WHAT TO WORK ON: Skipping the images, transcribe each record below as it is.

┌──

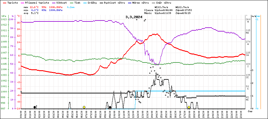 Průměrná teplota:6.1°C (tepl. v 7 + 14 + 2 x 21 h)
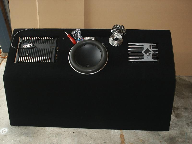 JL 12" W7, 1200.1 phenoix amp (both for sale $1200), alpine amp for the highs, and infinity components for the highs
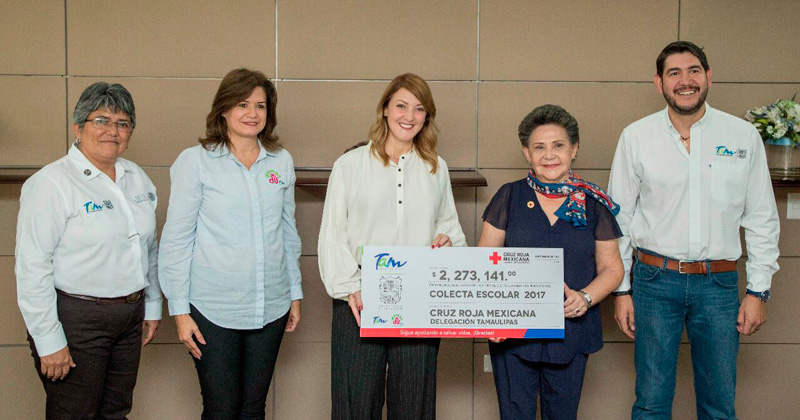 La presidenta del DIF Tamaulipas, y presidente honoraria de la Cruz Roja Mariana Gómez de García Cabeza de Vaca, recibió un cheque por 2 millones 273 mil 141 pesos
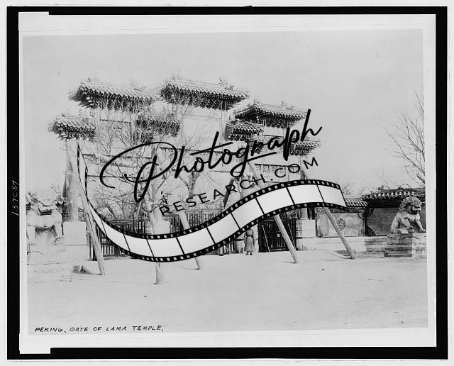 Peking,gate of Lama temple,2 Chinese men,p'ai-lou,c1900,Beijing,China,Arches
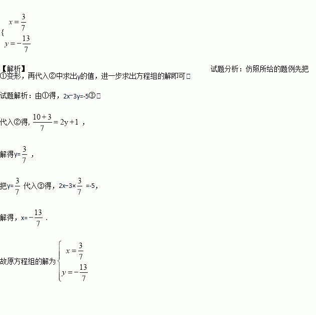 这种方法被称为“整体代入法”,请用这样的方法解下列方程组![]()

└──

RESULT OF THE TASK:
 Průměrná teplota:6.1°C (tepl. v 7 + 14 + 2 x 21 h)
 JL 12" W7, 1200.1 phenoix amp (both for sale $1200), alpine amp for the highs, and infinity components for the highs
 La presidenta del DIF Tamaulipas, y presidente honoraria de la Cruz Roja Mariana Gómez de García Cabeza de Vaca, recibió un cheque por 2 millones 273 mil 141 pesos
 Peking,gate of Lama temple,2 Chinese men,p'ai-lou,c1900,Beijing,China,Arches
 这种方法被称为“整体代入法”,请用这样的方法解下列方程组![]()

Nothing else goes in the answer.